Lahey stepped down from his position as president in 2018. By 2019, the museum was facing a lack of support and revenue. These problems were worsened by the COVID-19 pandemic and in August 2021, the university's board of trustees announced the museum would remain closed following a vote.

This decision has been met with ongoing opposition. Donors grew concerned over the fate of the artifacts in the museum, with some calling on the state attorney general's office to intervene. Lahey called it "disappointing and perplexing". A Norwalk-based committee Save Ireland's Great Hunger Museum was formed, who wrote an open letter to Lahey's successor Judy Olian and have held in-person demonstrations. The university released a statement assuring that the collection would not be sold and that a search for a new institution interested in publicly displaying it was underway.

In March 2022, it was announced the collection would move to Fairfield in partnership with the Gaelic-American Club (GAC), a plan that was unanimously voted for by the Quinnipiac Board of Trustees. A selective exhibition opened temporarily on Old Post Road that September and October, pending establishment of the new museum site. It is now coordinated as the Ireland’s Great Hunger Museum of Fairfield.

==Collection==
Works by noted contemporary Irish artists are featured in the museum's permanent collection including internationally known sculptors John Behan, Rowan Gillespie and Éamonn O'Doherty; as well as contemporary visual artists, Robert Ballagh, Alanna O'Kelly, Brian Maguire and Hughie O'Donoghue.
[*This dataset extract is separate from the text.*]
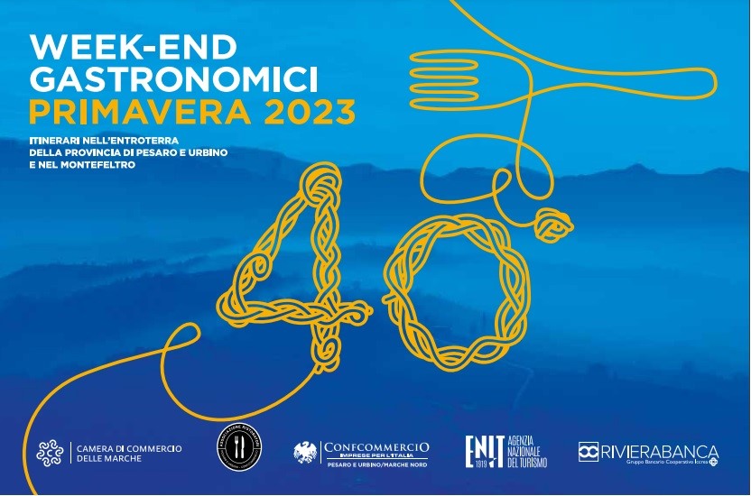 PESARO 31 MAGGIO 2023 – Penultimo finesettimana con i Week-end Gastronomici, giunti alla 40esima edizione, ideati e organizzati da Confcommercio Marche Nord. In programma fino all’11 giugno, vedono protagonisti ben 46 ristoranti, distribuiti in 30 località. ‘Itinerari nell’entroterra della provincia di Pesaro Urbino e nel Montefeltro’ il sottotitolo della manifestazione, tra le più longeve e di successo della intera regione Marche, promossa con il prestigioso patrocinio dell’Enit Agenzia Nazionale del Turismo, e il sostegno di Camera di Commercio delle Marche, RivieraBanca. Gruppo Hera e Prosciutto di Carpegna.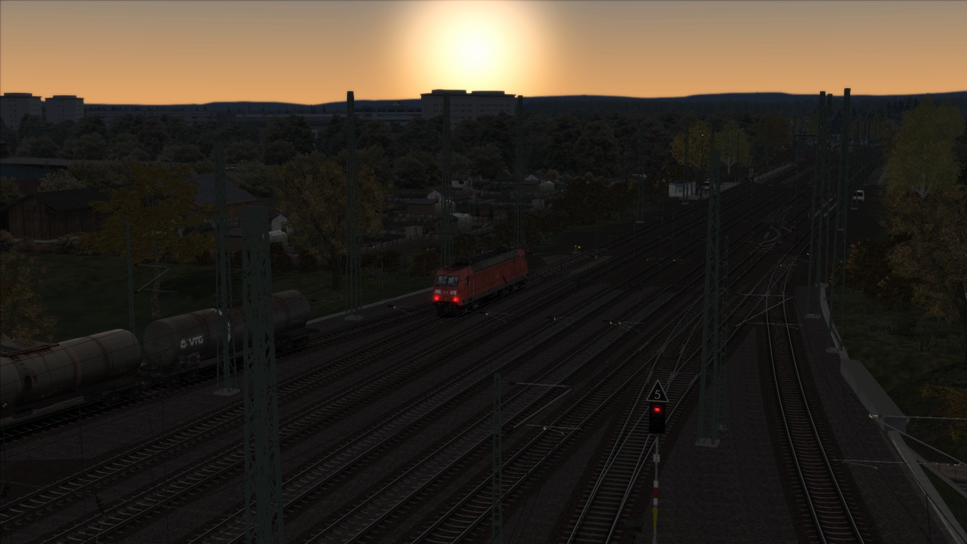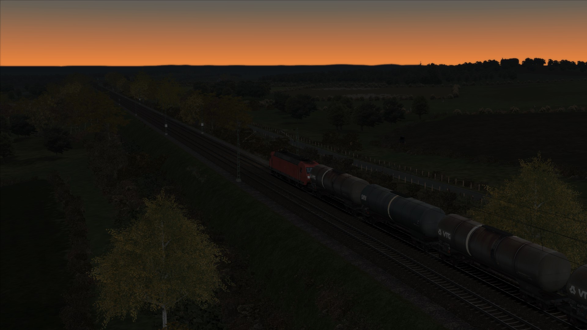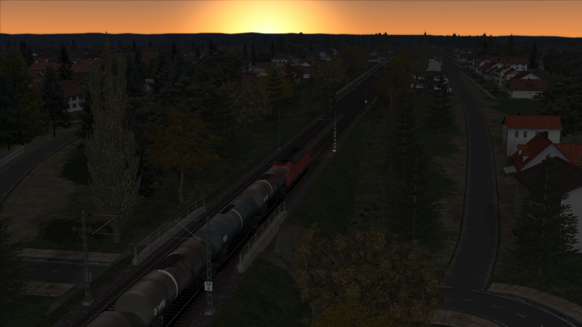 Tankzug in Bayern und die Sonne geht auf.

Featured paintings include several important 19th- and 20th‐century works by artists such as James Brenan, Daniel Macdonald, James Arthur O'Connor and Jack B. Yeats.

Ireland's Great Hunger Museum at Quinnipiac University publishes a series of booklets called Famine Folios, a unique resource for students, scholars and researchers, as well as general readers, covering many aspects of the Famine in Ireland from 1845 to 1852 — the worst demographic catastrophe of 19th-century Europe. The essays are interdisciplinary in nature, and make available new research in Famine studies by internationally established scholars in history, art history, cultural theory, philosophy, media history, political economy, literature and music.

This publication's initiative was devised to augment the museum experience, and is part of the museum's commitment to making its collection accessible to audiences of all ages and levels of educational interest. The pamphlets are produced to the highest level, beautifully illustrated with works from the museum and related collections. It ensures that audiences have access to the latest scholarship as it pertains to both the historical and contemporary dimensions of the collection.